Reproduce exactly the lines below, starting at the line that contains "Скачайте приложение 3D" and ending with the last line of the records, both included; leave out any pictures.

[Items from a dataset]
····················
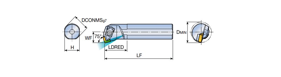 T-holder RHINOTURN boring bars with coolant & 75° approach angle for SN.. 0904 inserts
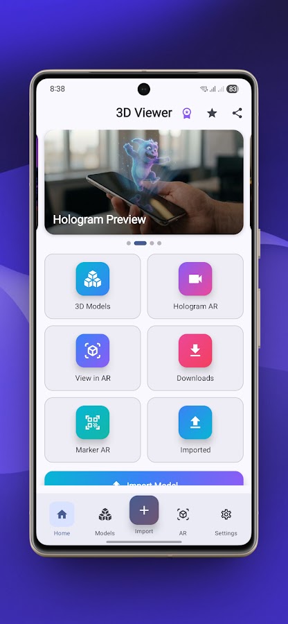 Скачайте приложение 3D Viewer Pro — AR & Hologram для Android бесплатно - последняя версия (8.1.0) уже доступна для установки на ваш телефон или планшет.
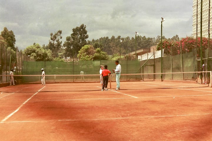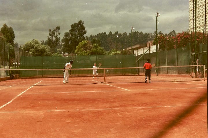 When we got to Addis Ababa in 1991, there was a place called the Yugoslav Friendship Club (Yugo Club for short). It was probably those mid 20th century socialist non-aligned ties between the two countries that led to its existence. It had a community hall for events-parties-barbecues, a garden, and a solitary tennis court of orange clay. Late afternoon, post school, the family, we would get in our white Toyota Corolla and make our way down Bole road and turn left before the airport to play.
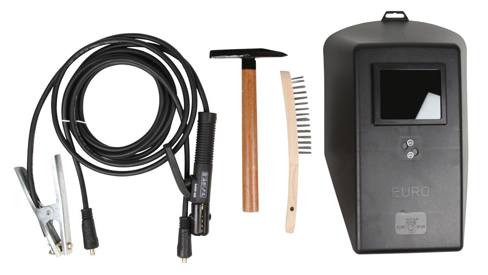Schweißschirm, Elektrodenhalter, Schlackenhammer und Stahldrahtbürste<br />
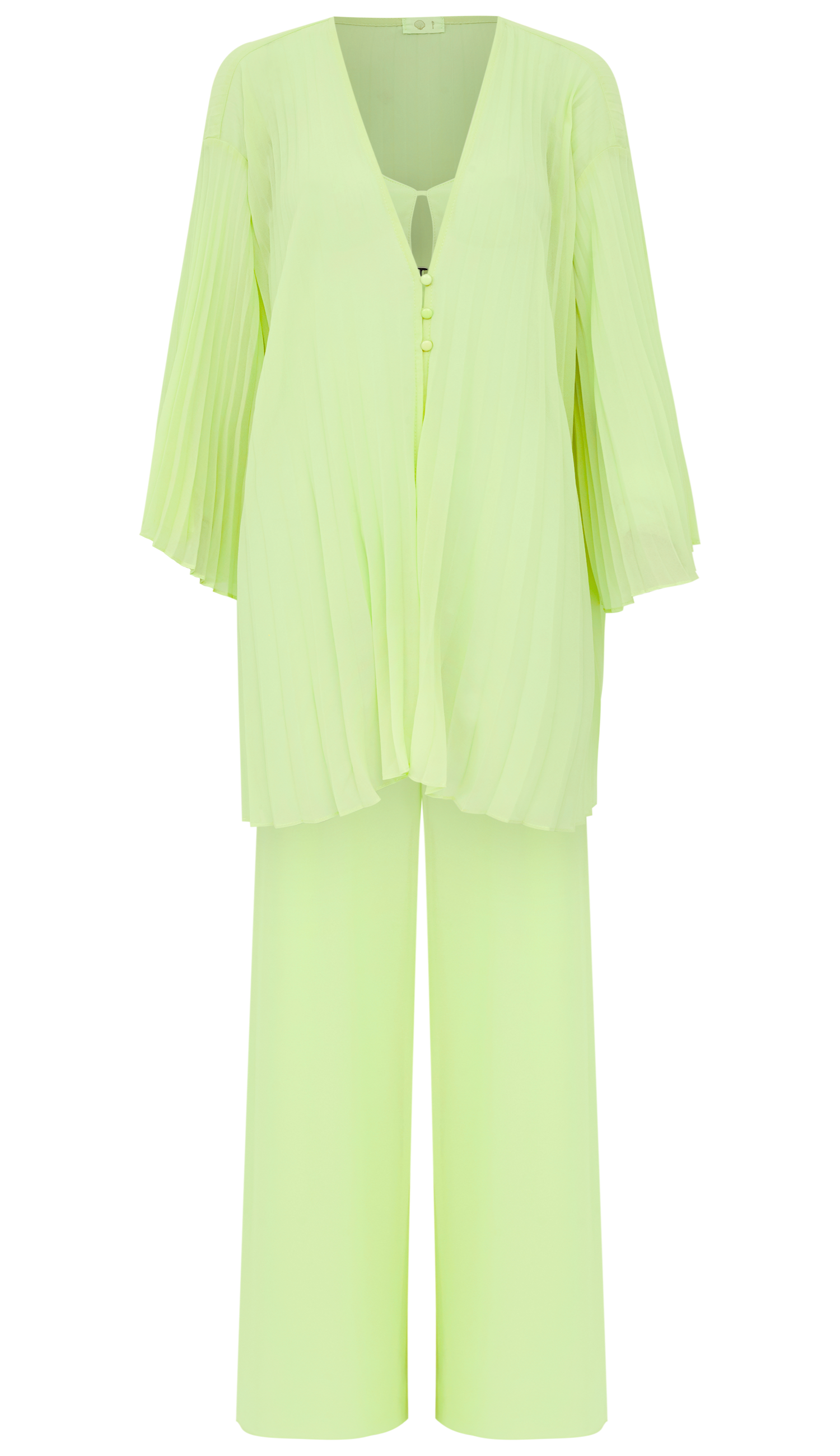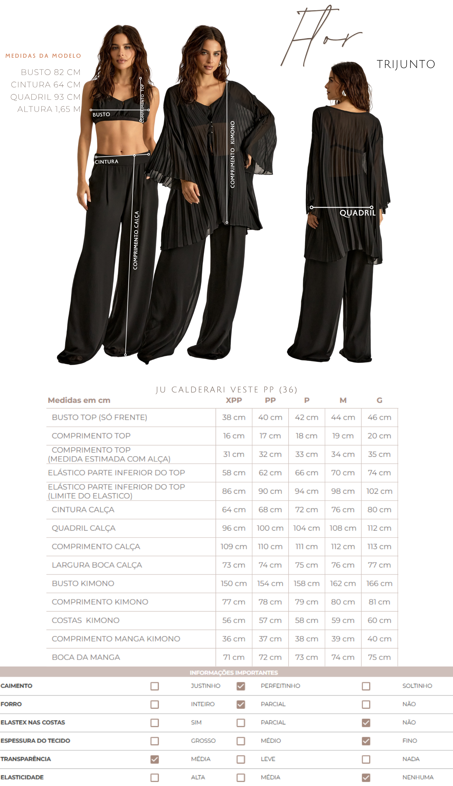 Trijunto confeccionado em crepe. O top possui forro, decote redondo, alcinhas reguláveis, elástico com franzidinhos logo abaixo do busto e fechamento traseiro por gancho de metal. A calça é pantalona e possui forro, fechamento lateral por zíper invisível e pregas frontais. O kimono é todo plissado e possui modelagem alongada e ampla, mangas sino 7/8 e fechamento frontal por botões esmaltados.
····················
• [RESPONSE TO THE EXERCISE]:
 Скачайте приложение 3D Viewer Pro — AR & Hologram для Android бесплатно - последняя версия (8.1.0) уже доступна для установки на ваш телефон или планшет.
 When we got to Addis Ababa in 1991, there was a place called the Yugoslav Friendship Club (Yugo Club for short). It was probably those mid 20th century socialist non-aligned ties between the two countries that led to its existence. It had a community hall for events-parties-barbecues, a garden, and a solitary tennis court of orange clay. Late afternoon, post school, the family, we would get in our white Toyota Corolla and make our way down Bole road and turn left before the airport to play.
Schweißschirm, Elektrodenhalter, Schlackenhammer und Stahldrahtbürste<br />
 Trijunto confeccionado em crepe. O top possui forro, decote redondo, alcinhas reguláveis, elástico com franzidinhos logo abaixo do busto e fechamento traseiro por gancho de metal. A calça é pantalona e possui forro, fechamento lateral por zíper invisível e pregas frontais. O kimono é todo plissado e possui modelagem alongada e ampla, mangas sino 7/8 e fechamento frontal por botões esmaltados.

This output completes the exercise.